* _Prompt_
Below are records; from the line containing "к истокам русской" through the very last line, output each line exactly. No pictures.

* _Material for the task_

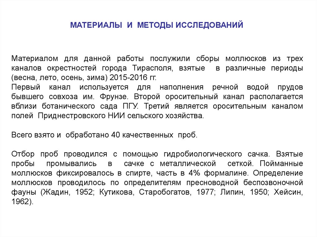 фауны (Жадин, 1952; Кутикова, Старобогатов, 1977; Липин, 1950; Хейсин,
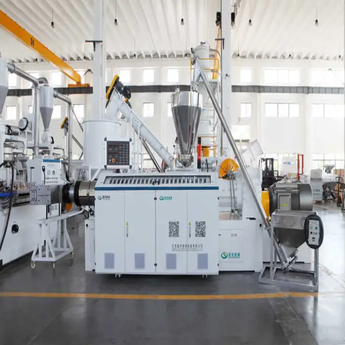 The machine utilizes a double-screw design, which enhances processing efficiency.
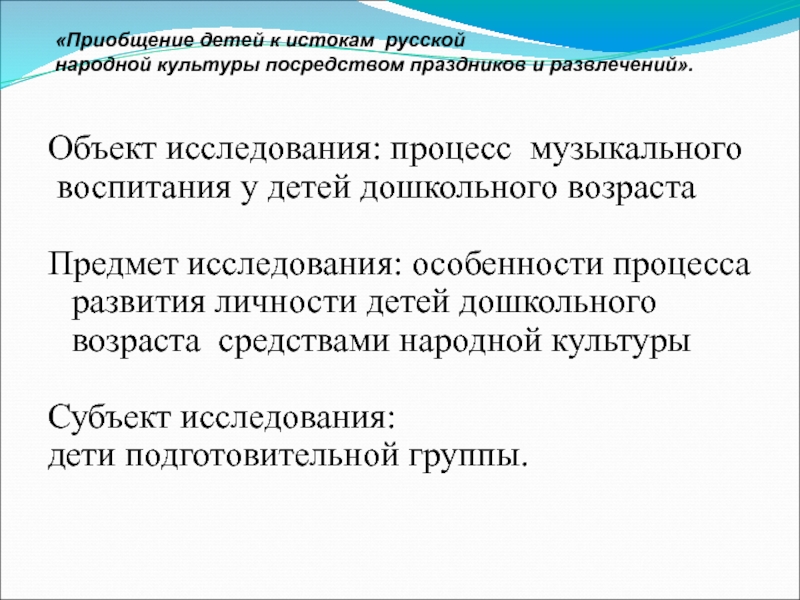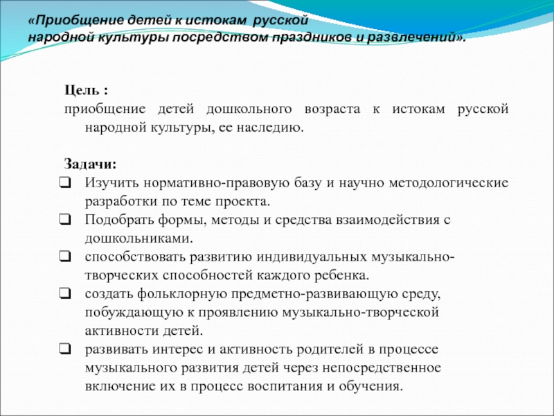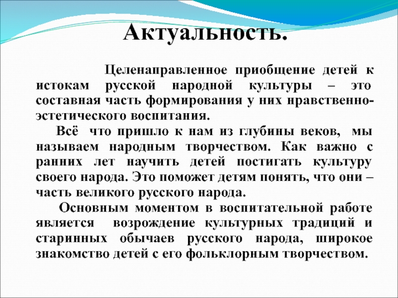 «Приобщение детей к истокам русской
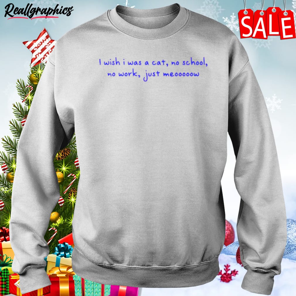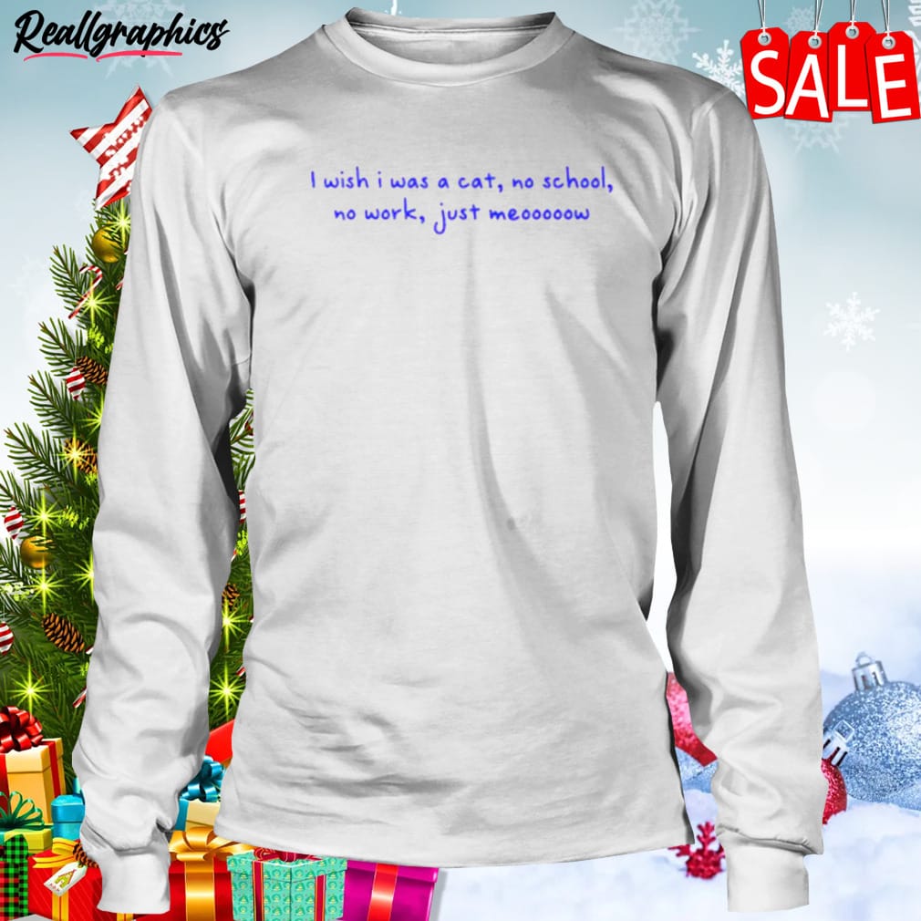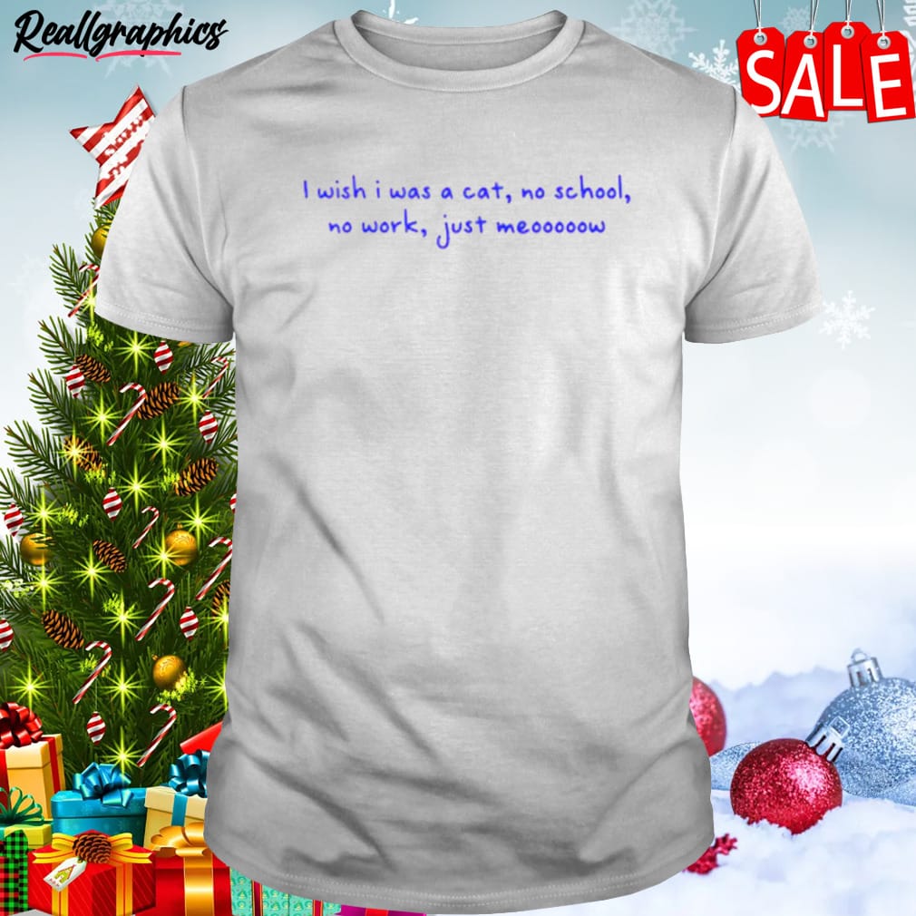 I Wish I Was A Cat No School No Work Just Meooooow Shirt details
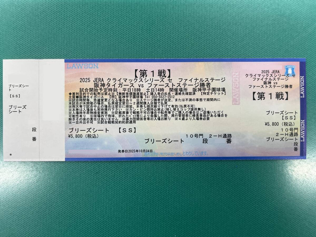 第1戦 10/15(水)ブリーズシート指定席 1枚 通路近 阪神甲子園球場 クライマックスシリーズ 阪神タイガース ②
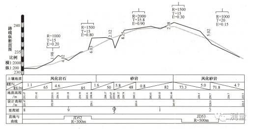 注意:符號中部的豎線的橫坐標就是豎曲線轉點里程,符號的水平線兩端的橫坐標應分別是豎曲線的起點和終點里程。為圖形美觀,各豎線標志符號應大致在同一個高度。
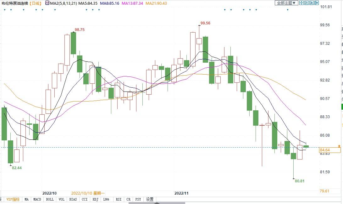 北京时间11月30日14:37,布伦特原油主力合约价格报84.90美元/桶。
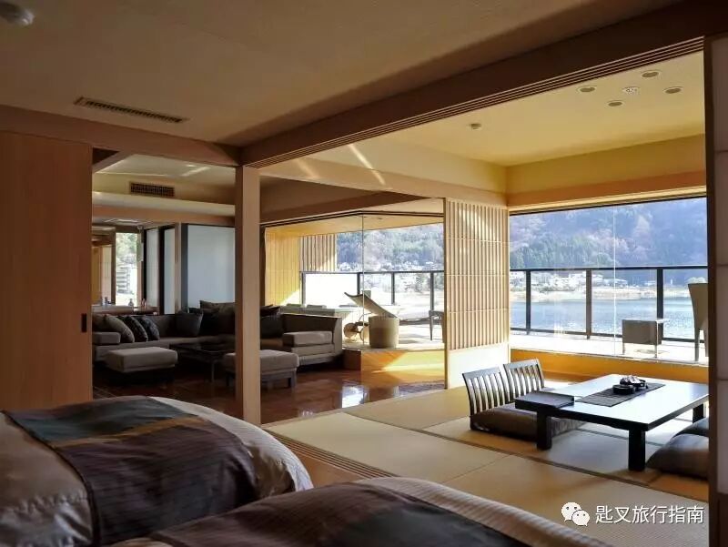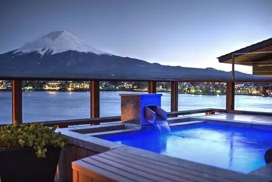 此酒店每间房间都可隔湖对话富士山,富士山宽厚的“肩膀”写满了伟岸,与之相对,仿佛被暖男拥入怀中。不少客舍在露台上配备了汤池(还有景观绝杀的公共汤池),让人以最惬意的姿态对话圣山。

* _Response to the task_
 «Приобщение детей к истокам русской
 I Wish I Was A Cat No School No Work Just Meooooow Shirt details
 第1戦 10/15(水)ブリーズシート指定席 1枚 通路近 阪神甲子園球場 クライマックスシリーズ 阪神タイガース ②
 注意:符號中部的豎線的橫坐標就是豎曲線轉點里程,符號的水平線兩端的橫坐標應分別是豎曲線的起點和終點里程。為圖形美觀,各豎線標志符號應大致在同一個高度。
 北京时间11月30日14:37,布伦特原油主力合约价格报84.90美元/桶。
 此酒店每间房间都可隔湖对话富士山,富士山宽厚的“肩膀”写满了伟岸,与之相对,仿佛被暖男拥入怀中。不少客舍在露台上配备了汤池(还有景观绝杀的公共汤池),让人以最惬意的姿态对话圣山。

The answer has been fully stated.